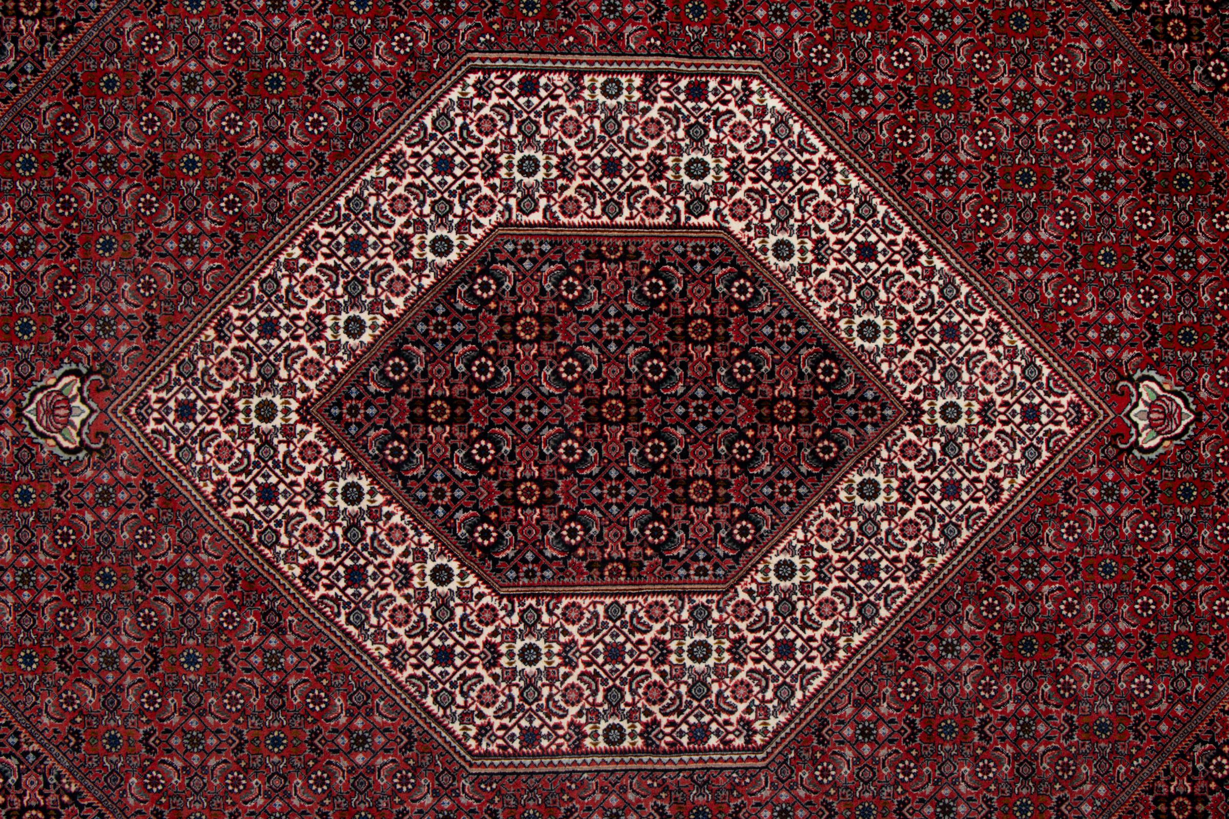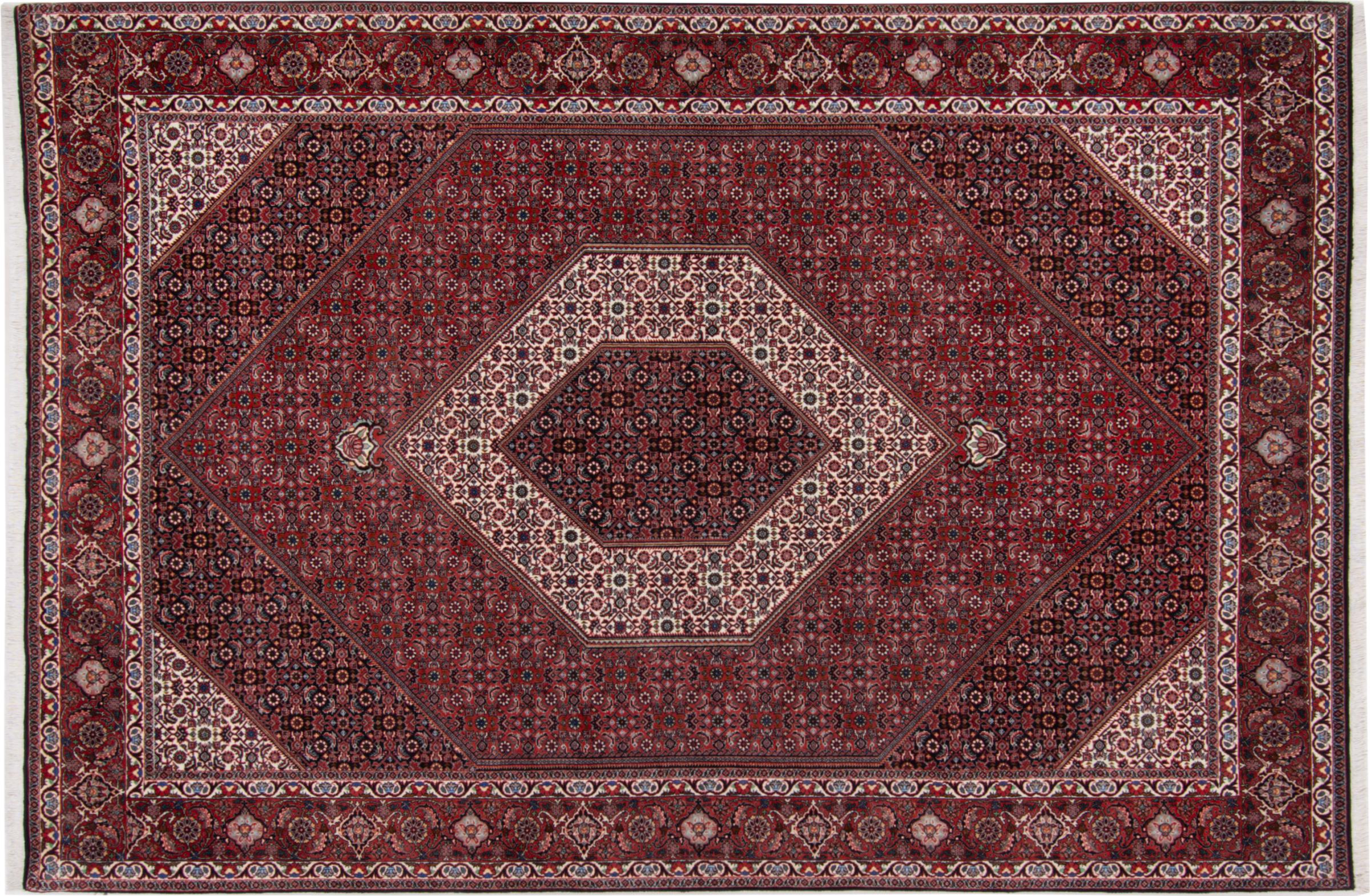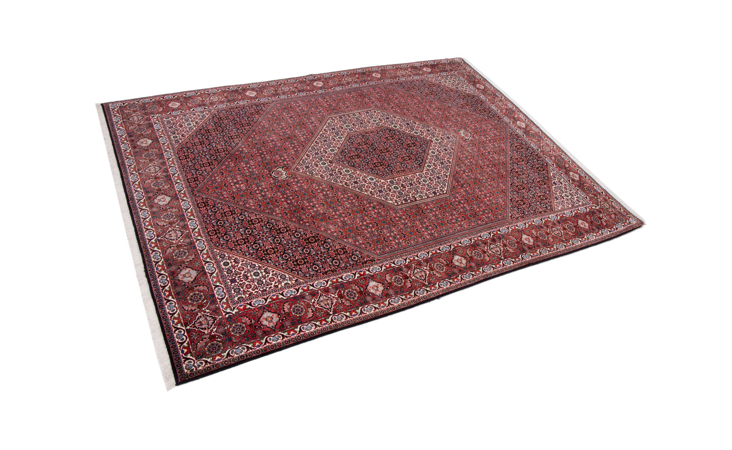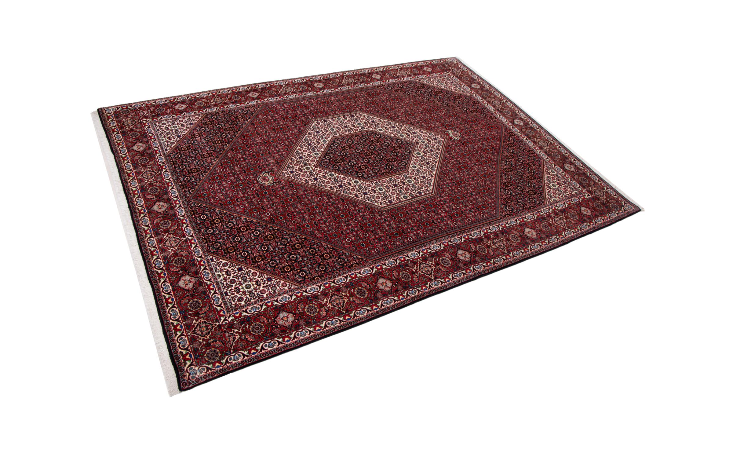 Dieser Perserteppich wurde in einer kurdischen Kleinstadt im westlichen Iran handgeknüpft. Der Bidjar-Teppich steht für hervorragende Qualität. Sein fester Flor besticht durch seine Kompaktheit und damit Verschleißfestigkeit. So wird die Wolle mit einem Kamm so fest zusammengedrückt, dass der Flor nahezu senkrecht nach oben steht. Gröbere Schmutzpartikel haben so kaum eine Chance einzudringen.
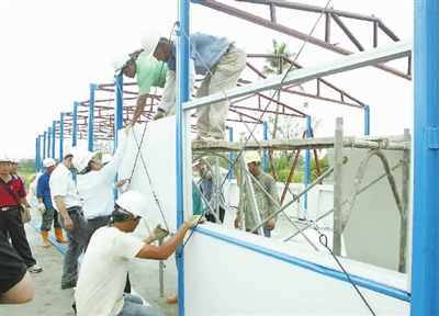 8月20日,大陆援助台湾台风“莫拉克”灾区的首批活动板房已运抵受灾严重的屏东县佳冬乡,当地工作人员已开始试装工作。
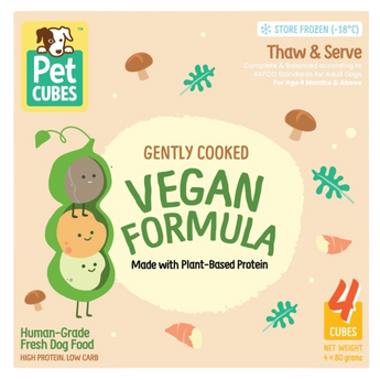 Each Vegan cube is packed with a powerhouse of antioxidants and disease-fighting compounds, ensuring your dog receives the essential nutrients they need for optimal health. Whether you're following a vegan diet for your dog due to allergies, sustainability concerns, or personal values, PetCubes is here to support you on your journey.
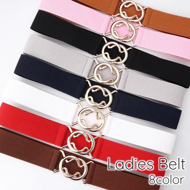 ベルト ゴムベルト レディース 8の字バックル だるまひっかけ 伸びる 簡単 便利 無地 単色 シンプル 女性 カジュアル デイ
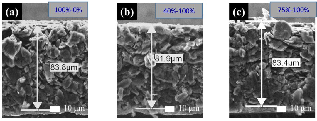 电池的膨胀主要来源于负极,作者将三种不同方式辊压的石墨负极制成了LiCoO2软包电池,并对膨胀情况进行了对比。如图6所示,经40%-100%两次辊压的负极极片制成的软包电池在化成和循环阶段的膨胀率分别为19.23%和4.47%,膨胀率在三组电池中最低。作者认为均一的孔径分布使得40%-100%两次辊压的负极极片能够很好的被电解液浸润且释放化成和循环过程极片的压力,从而得到最小的膨胀率结果。如图7所示,负极极片活性层初始设计厚度为70μm,经25周循环后100%-0%一次辊压、40%-100%两次辊压和75%-100%两次辊压极片的活性层厚度分别为83.8μm、81.9μm和83.4μm,40%-100%两次辊压极片的厚度最低,与软包电池的膨胀率结果相一致。此外,作者还对三种极片制成的软包电池的循环性能、倍率性能和电化学阻抗谱进行了分析,结果均显示使用40%-100%两次辊压极片制成的软包电池性能最优,在此不一一赘述。
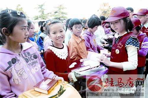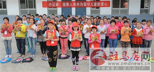 當(dāng)天下午,由天中晚報社小記者部發(fā)起的“關(guān)愛留守兒童,好書送希望”活動在這里舉行。天中晚報社領(lǐng)導(dǎo)和小記者們代表及信泰人壽保險股份有限公司駐馬店中心支公司相關(guān)負責(zé)人來到這里,為孩子們送來書包、書籍等。

· · · ·

## YOUR TASK
Leaving out only the pictures, retype every record exactly.

## RESPONSE
 Dieser Perserteppich wurde in einer kurdischen Kleinstadt im westlichen Iran handgeknüpft. Der Bidjar-Teppich steht für hervorragende Qualität. Sein fester Flor besticht durch seine Kompaktheit und damit Verschleißfestigkeit. So wird die Wolle mit einem Kamm so fest zusammengedrückt, dass der Flor nahezu senkrecht nach oben steht. Gröbere Schmutzpartikel haben so kaum eine Chance einzudringen.
 8月20日,大陆援助台湾台风“莫拉克”灾区的首批活动板房已运抵受灾严重的屏东县佳冬乡,当地工作人员已开始试装工作。
 Each Vegan cube is packed with a powerhouse of antioxidants and disease-fighting compounds, ensuring your dog receives the essential nutrients they need for optimal health. Whether you're following a vegan diet for your dog due to allergies, sustainability concerns, or personal values, PetCubes is here to support you on your journey.
 ベルト ゴムベルト レディース 8の字バックル だるまひっかけ 伸びる 簡単 便利 無地 単色 シンプル 女性 カジュアル デイ
 电池的膨胀主要来源于负极,作者将三种不同方式辊压的石墨负极制成了LiCoO2软包电池,并对膨胀情况进行了对比。如图6所示,经40%-100%两次辊压的负极极片制成的软包电池在化成和循环阶段的膨胀率分别为19.23%和4.47%,膨胀率在三组电池中最低。作者认为均一的孔径分布使得40%-100%两次辊压的负极极片能够很好的被电解液浸润且释放化成和循环过程极片的压力,从而得到最小的膨胀率结果。如图7所示,负极极片活性层初始设计厚度为70μm,经25周循环后100%-0%一次辊压、40%-100%两次辊压和75%-100%两次辊压极片的活性层厚度分别为83.8μm、81.9μm和83.4μm,40%-100%两次辊压极片的厚度最低,与软包电池的膨胀率结果相一致。此外,作者还对三种极片制成的软包电池的循环性能、倍率性能和电化学阻抗谱进行了分析,结果均显示使用40%-100%两次辊压极片制成的软包电池性能最优,在此不一一赘述。
 當(dāng)天下午,由天中晚報社小記者部發(fā)起的“關(guān)愛留守兒童,好書送希望”活動在這里舉行。天中晚報社領(lǐng)導(dǎo)和小記者們代表及信泰人壽保險股份有限公司駐馬店中心支公司相關(guān)負責(zé)人來到這里,為孩子們送來書包、書籍等。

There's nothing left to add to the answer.